Thursday, June 02, 2011
JB. You've done it again
Despite the changin' times, there are some things in life which have, at one time or another, been so much an enjoyable part of who I am, that even if I don't do them as often nowadays as I might like, they still make me feel fantastic, as soon as I embark upon them.
Case in point; I really love a visit to JB HI-FI. Sure, I might only drop-by once a year these days (instead of at least once a week, as of yore), and sure, the majority of the titles in the CD racks (not to mention some of the CD rack categories) are completely foreign to me, but still, the sense of excitement and anticipation I get when I step across the electronic sensors into that world of yellow, plastic sticky tape just gets my consumer juices going.
While I was only really ever into the CDs side of things at JB, I know there's always been something for everyone there; music DVDs, TV and movie DVDs, hi-fi systems, TVs ... and now a pretty comprehensive range of computers and i-pads – these latter items not really being my bag, but the fact that they are the bag for so many others merely adds to my enjoyment of the place.

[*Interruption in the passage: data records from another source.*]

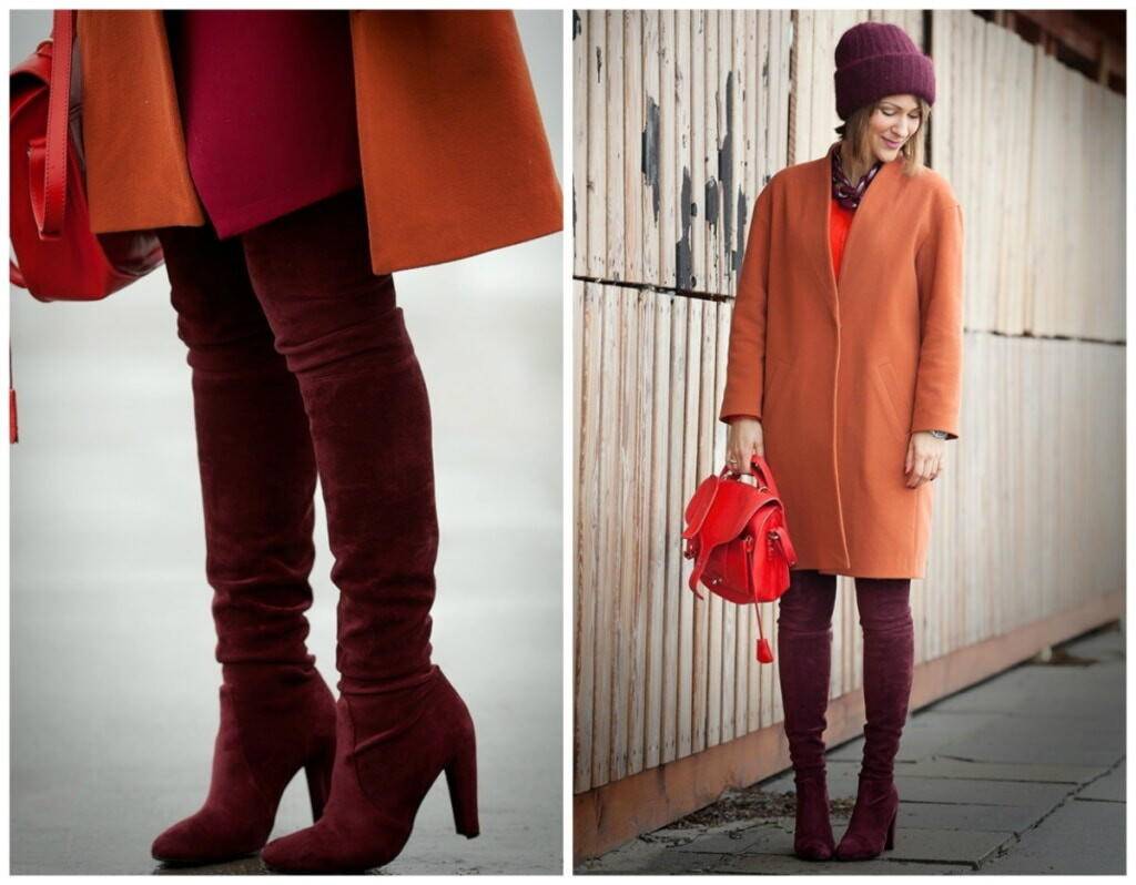С чем носить красные и бордовые замшевые сапоги: фото классических сочетаний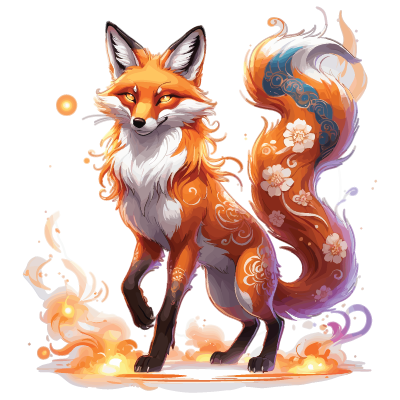 A captivating fox with intricate floral and swirling patterns adorning its fiery orange fur, glowing with a mystical aura, surrounded by soft magical flames and orbs, all set against a clean white background.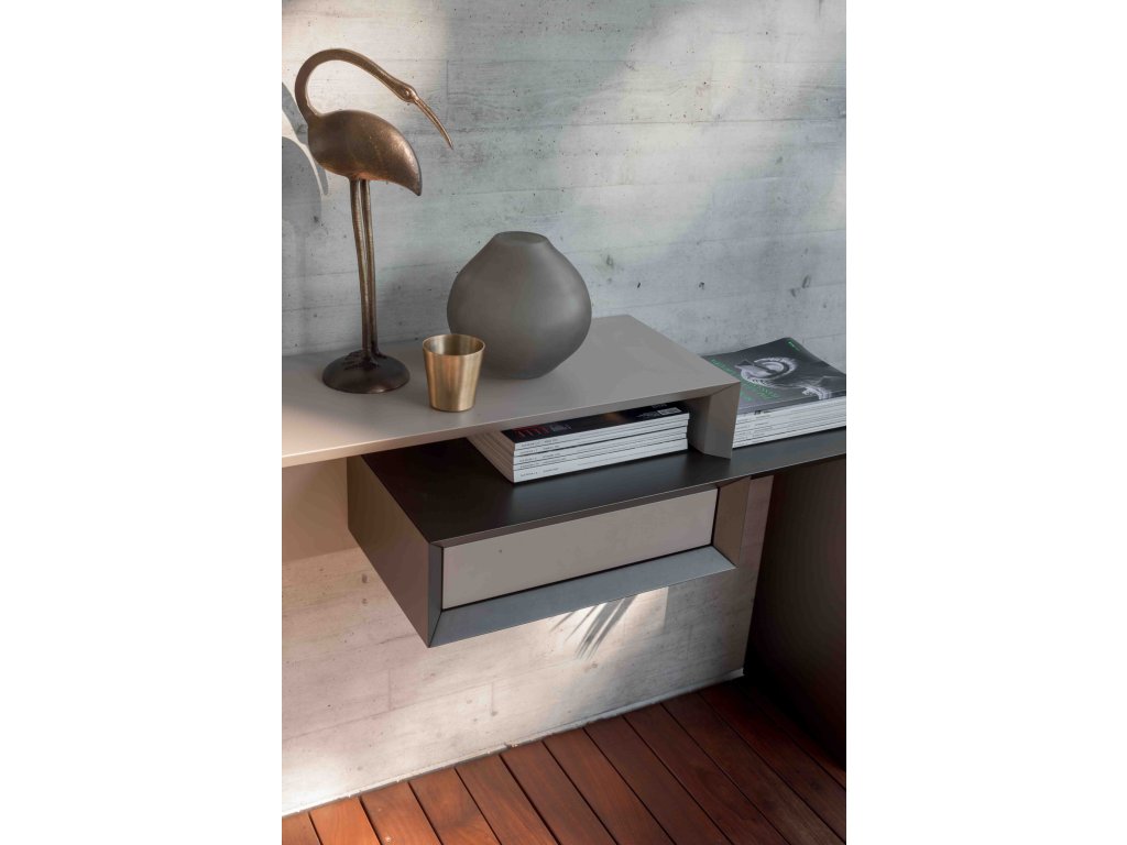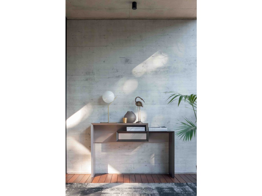 Dvoubarevná konzole se zásuvkou, z matně lakovaného MDF.

But there's something I need to make very clear from the outset, given my observations from today's visit to JB Hi-FI. While I love/d spending hours and shit-loads of cash on the acquisition of eclectic music from their copious range of fine reggae, dub and alternative rock, and while I even occasionally wandered through their DVDs and hi-fi equipment for a bit of a poke and a giggle, I never once lost sight of the fact that everything in that store was comprised of items that I may WANT, but never constituted anything that I, nor any other member of humanity could ever honestly believe they might actually NEED.
So today, as I was wandering through and having to chase Hambones along isles that I never really knew existed (who knew JB sold turntables, or "decks" as I believe the young folk call them?), I eventually found him after a few, heart-stopping moments of lost contact, in front of a massive array of flat-screen TVs (or should that read, "...an array of massive flat screen TVs"?). As Hambones proceeded to place is grubby mitts over every one of those impossibly large, shiny screens, one couldn't help but be blown away by their amazing colours and picture clarity. To enhance this, as these places often do, they had a DVD playing on every one of the thousands of screens, flying you over Antarctica in a balance-altering helicopter one minute, or riding across the African savannah on an abdomen-jolting elephant the next.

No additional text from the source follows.